Imagine this:

Chris Christie is at the controls of an airplane that experiences difficulty remaining airborne. He orders his crew to lighten the plane's load.

The crew, consisting of Essex County Executive Joe DiVincenzo, Hudson County State Sen. Brian Stack, Senate President Steve Sweeney and assorted Democratic municipal officials, responds by seizing gubernatorial candidate Barbara Buono and flinging her into the clouds.

All is well and the crew can take credit for saving the plane and everybody in it. There is, of course, an expectation that their bravery will be rewarded by the pilot at some point.

Christie's smooth glide path to re-election is not in serious doubt, but with the help of his crew, he has eliminated any suggestion of turbulence.

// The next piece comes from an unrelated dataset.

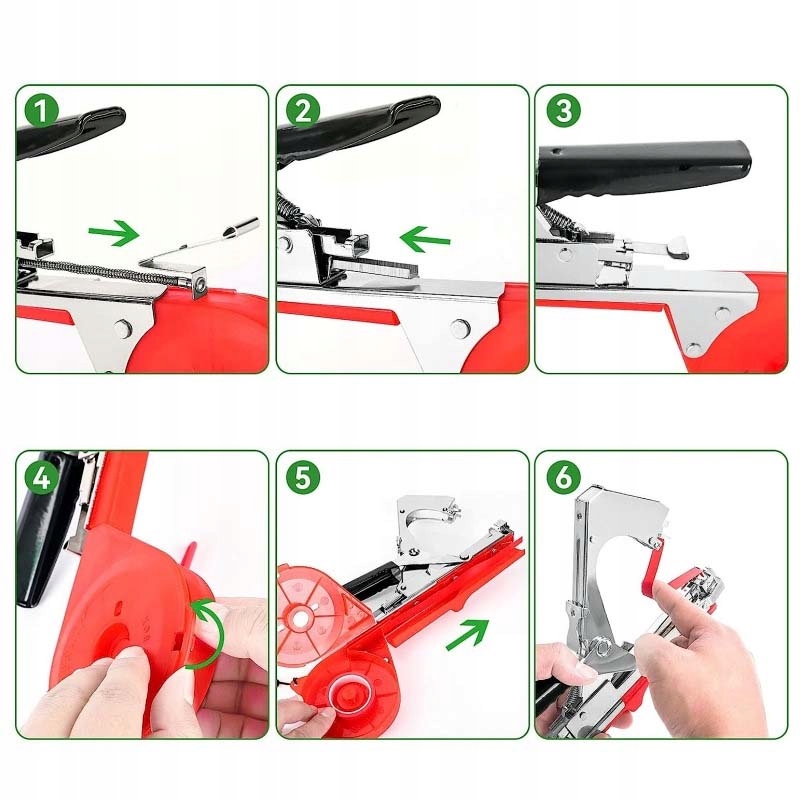 5⃣ Перекладіть стрічку через механізм різання - передайте стрічку через спеціальний механізм затискання. Шиття - натисніть руку степлера, щоб захистити рослину.

It's been clear ever since he announced his re-election bid that Christie intended to pursue not merely a decisive victory, but one so overwhelming that it would catapult him into the top tier of Republican presidential contenders in 2016.

The polling has been consistent: His lead over Buono has held at 30 points; his job-performance standing is in the 60 percent range, and he leads in nearly every category.

All signs point to Christie realizing his wish of a plurality approaching the three-quarters of a million votes run up by Tom Kean in 1985.

The Democratic party has deteriorated into a dysfunctional family, beset by public quarreling and sniping at Buono.

The party has conceded the gubernatorial election while regrouping to defend its majorities in the Legislature. It appears content to wait for 2017, when Christie will be completing his second term or will have already left to pursue national ambitions.

The lack of any concern for Buono and the absence of any compunction about tossing her out of the airplane are striking. It's no secret that party leaders actively sought someone other than her to oppose Christie, but when all of the viable challengers took a pass, they were left with her.

Rather than close ranks and rally behind her in the name of party loyalty, many Democrats simply gave up, went through the motions, or worked against her.

Party-switching and crossover endorsements have become increasingly common, but the high profiles of those who've announced their support for Christie have made their decisions stand out.

DiVincenzo and Stack are leaders of the two strongest Democratic counties in the state, always counted upon to deliver election-deciding pluralities for their party's candidates. That historic edge will be denied to Buono.

While he has not endorsed Christie, Sweeney's antipathy toward Buono's candidacy and his policy differences with her are well-documented. Additionally, his political guru is South Jersey leader George Norcross. Sweeney, the speculation has it, would not be so unenthusiastic about Buono without Norcross' acquiescence or at his direction.

Buono faced a difficult task from the outset. Her fundraising has been less than robust. As long as she is unable to narrow the gap in the polls, it will be difficult to convince reliable party donors to be as generous as they have been in the past.

Circumstances have worked against her as well, diverting attention away from her while muting her message and denying her any significant issue-oriented traction.

Christie cavorting at the shore with President Barack Obama - the national leader of Buono's party - reminded everybody of the governor's leadership in the aftermath of Hurricane Sandy. The special election to fill the unexpired term of the late U.S. Sen. Frank Lautenberg has sucked much of the oxygen out of the political atmosphere.

She continues to struggle for the media attention necessary to achieve broader name recognition. She has been powerless to combat Christie's masterful use of incumbency.

She can hope the debates will provide her with the audience and exposure she needs, but Christie is a skilled debater and is not about to allow her to gain the upper hand in a face-to-face confrontation.

Being deserted by party leaders simply adds to a burden that already seems more than she can bear.

Carl Golden is a senior contributing analyst with The William J. Hughes Center for Public Policy at The Richard Stockton College of New Jersey.